Three hundred-point tossup: New York Governor Andrew Cuomo announced this
week that he will not sign a budget this year unless it contains a full
slate of ethics reforms in response to the corruption arrest of Sheldon
Silver, who held what office?
BARRO: Speaker of the assembly.
KORNACKI: Speaker of the assembly, 300 points for Josh.
Three hundred-point tossup. A nominee for best spoken word album at
tomorrow night`s Grammy Awards is the audio book for a call to action
written by what former U.S. president?
KORNACKI: Time. Sam or Josh?
STEIN: Will say Bush.
KORNACKI: Incorrect. Josh, do you want to take a guess?
KORNACKI: Doesn`t matter. Jimmy Carter is the answer.
Josh Barro is the champion, 2,300 points. Congratulations! Josh, an
incredible accomplishment as our champion, you have a very, very special
prize package, which we`re going to tell you about right now.
No, we`re not. We`re bringing out Sandy the Seagull. The price package is
simple. You, sir, are going to throw out the first pitch at a Brooklyn
Cyclones game. Sandy the Seagull is here to present it. Congratulations.

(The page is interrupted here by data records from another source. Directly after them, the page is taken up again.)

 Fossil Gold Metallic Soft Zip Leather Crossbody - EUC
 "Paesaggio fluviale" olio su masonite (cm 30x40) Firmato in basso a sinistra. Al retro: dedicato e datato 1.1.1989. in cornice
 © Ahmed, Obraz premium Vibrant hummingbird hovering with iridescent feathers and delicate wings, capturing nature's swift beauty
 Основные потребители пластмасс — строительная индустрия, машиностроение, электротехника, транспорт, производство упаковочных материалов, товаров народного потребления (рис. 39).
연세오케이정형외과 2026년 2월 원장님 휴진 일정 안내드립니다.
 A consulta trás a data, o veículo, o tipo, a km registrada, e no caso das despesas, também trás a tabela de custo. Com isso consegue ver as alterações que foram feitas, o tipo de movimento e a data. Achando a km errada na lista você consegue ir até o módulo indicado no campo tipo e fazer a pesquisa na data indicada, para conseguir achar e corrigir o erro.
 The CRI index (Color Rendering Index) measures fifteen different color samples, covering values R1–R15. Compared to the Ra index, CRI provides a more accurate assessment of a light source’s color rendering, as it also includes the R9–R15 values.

BARRO: I`m mostly excited. Nobody has ever given me a big thick check
KORNACKI: You have to bring that to the gate to get in. Bring three of
your friends with you. We`re paying for the subway ride.

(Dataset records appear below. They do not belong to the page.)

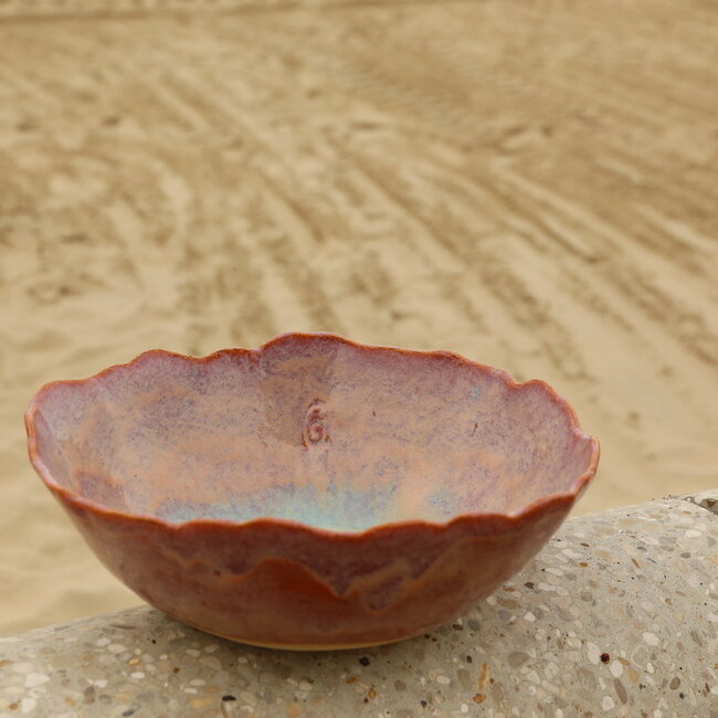 La coupe, coupe à fruits est fait d'une argile de chamotte naturelle et a une forme légèrement irrégulière. Façonné et fini à la main, sans l'utilisation d'un tour de potier, comme en témoignent les légères imperfections de la forme - qui soulignent le charme de l'artisanat artisanal.
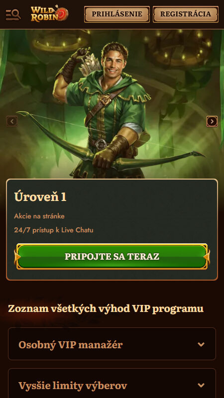 WildRobin má vlastný, systematický VIP program, ktorý hráčov rozdeľuje do piatich jasných úrovní. Vo VIP programe, ktorý je rozdelený do piatich stupňov, sa nachádzajú úrovne od bronzovej až po diamantovú. Hráč sa postupne posúva vyššie, pričom každá úroveň mu otvára cestu k lepším benefitom. Hovoríme napriklad o zvýšených sadzbách pre cashback, prioritnej zákazníckej podpore, alebo pozvánkach na exkluzívne akcie.
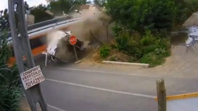 Tren kamyonu böyle biçti. Korkunç kaza Şili’de gerçekleşti. Hemzemin geçitten geçen kamyon sürücüsü dikkatsizliğinin kurbanı oldu.

Jessica, Sam, thank you very much.
KORNACKI: All right. We are back. We have cleared the unruly studio
audience. The official presentation to Josh Barro there, from Sandy the
Seagull, the official mascot of the Brooklyn Cyclones.

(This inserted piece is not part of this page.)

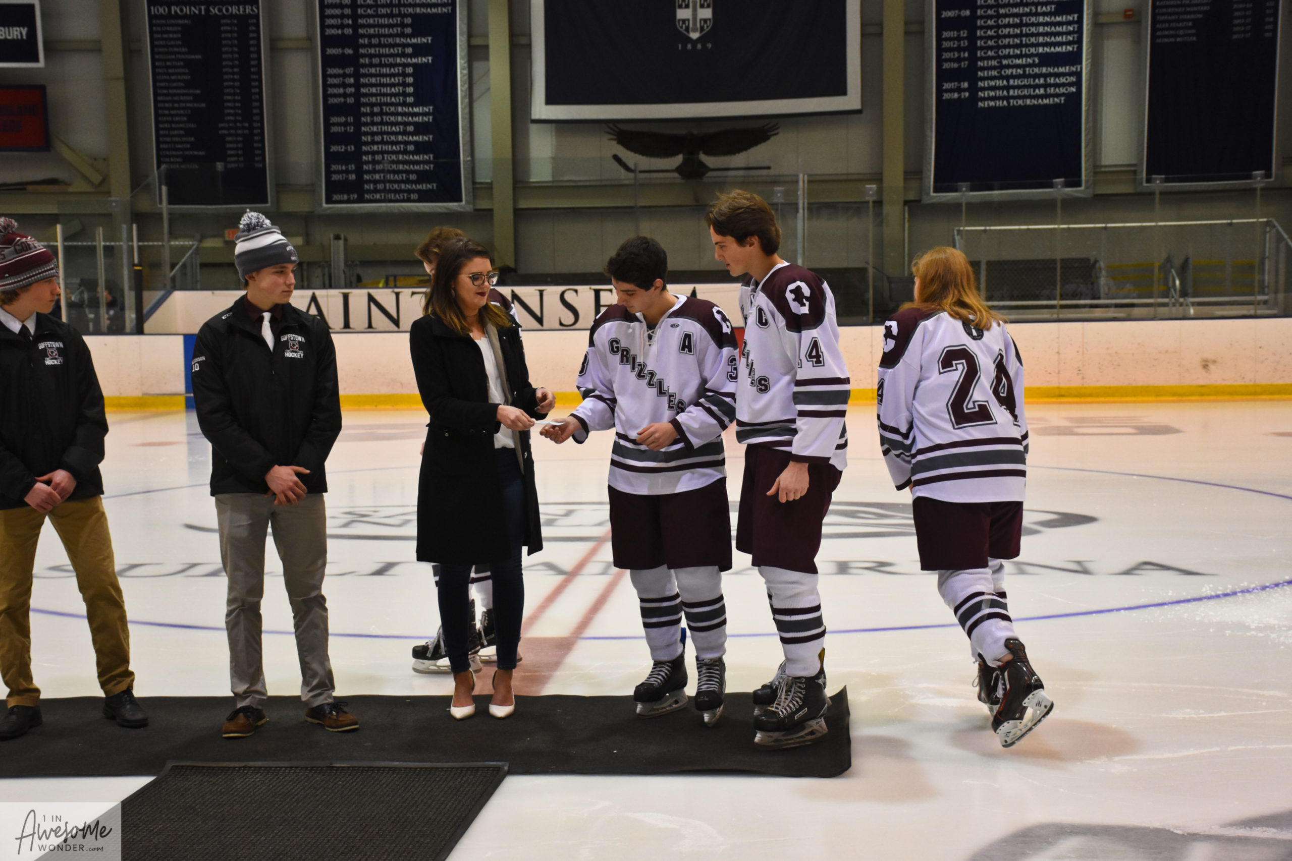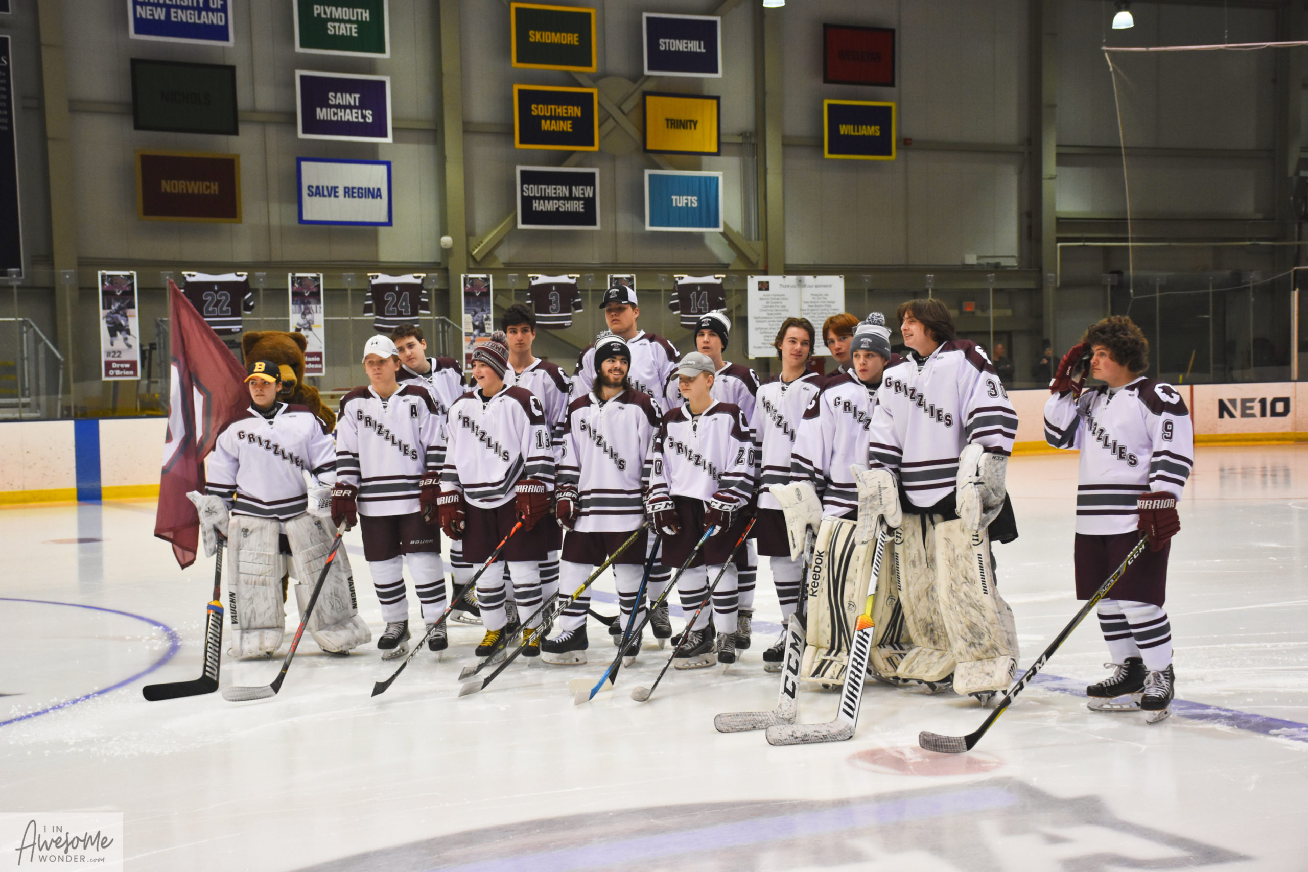 Oddly, I didn’t really make any notes during the game on Friday night because things were happening so fast. For starters, in a pre-game presentation, the Grizzlies recognized their four senior players and their families, they honored a senior’s dad who is battling poor health as we speak, we all paid respect to another senior’s dad who passed away nearly two years ago, we talked about the meaning of legacy, and told the story of volunteering efforts and fundraising for a cause, and remembered a military hero that was one of New Hampshire’s own. That was all before the National Anthem was sung by a man who holds each of the opponents on Friday night very dear to his heart.

We want to thank the Brooklyn Cyclones for generously offering this, Josh.
Sometime this summer, you will be throwing out the first pitch. Are you
ready to do this? Can you reach the plate?
BARRO: Oh, I`m not ready. My brother has been making so much fun of me
for this, saying I won`t get it over the plate.
KORNACKI: You`ve got three months to do it.
KORNACKI: Jessica, Sam, so many memories from this season. Sam, One of
the high scorers in regular season. Jessica, you upset the defending
champion in the first round. I`m sorry you guys came up short. But --
STEIN: Me too.
TAYLOR: There`s always next year.
KORNACKI: There`s always next year. That`s right. That`s what the
Cyclones I guess say.
But, anyway, Sandy, again, the mascot here, we loved having you be part of
the show. Also, I do want to give a big thank you to Alex Trebek, how cool
was it to have Alex Trebek be part of the show today. So, I love that.
KORNACKI: Anyway, congratulations again to Josh.
And thank you, everybody, for watching this, this season. A lot of fun
with "Up Against the Clock". And remember, you can always play online. We
have an online version.
Anyway, join us tomorrow Sunday morning 8:00 a.m. Guess who`s going to be
on the show tomorrow? How about this? Senator Al Franken is going to talk
about something he`s very passionate about.
Maybe, maybe, I`ll ask him something about that "SNL" reunion coming up.
And maybe he`ll say something interesting about it. Why do I say that?
Because we interviewed him and he did.
Anyway, up next, you`re going to want to watch. Stick around for this,
Melissa Harris-Perry. She`s here. She`s next.
Have a great weekend. We`ll see you tomorrow.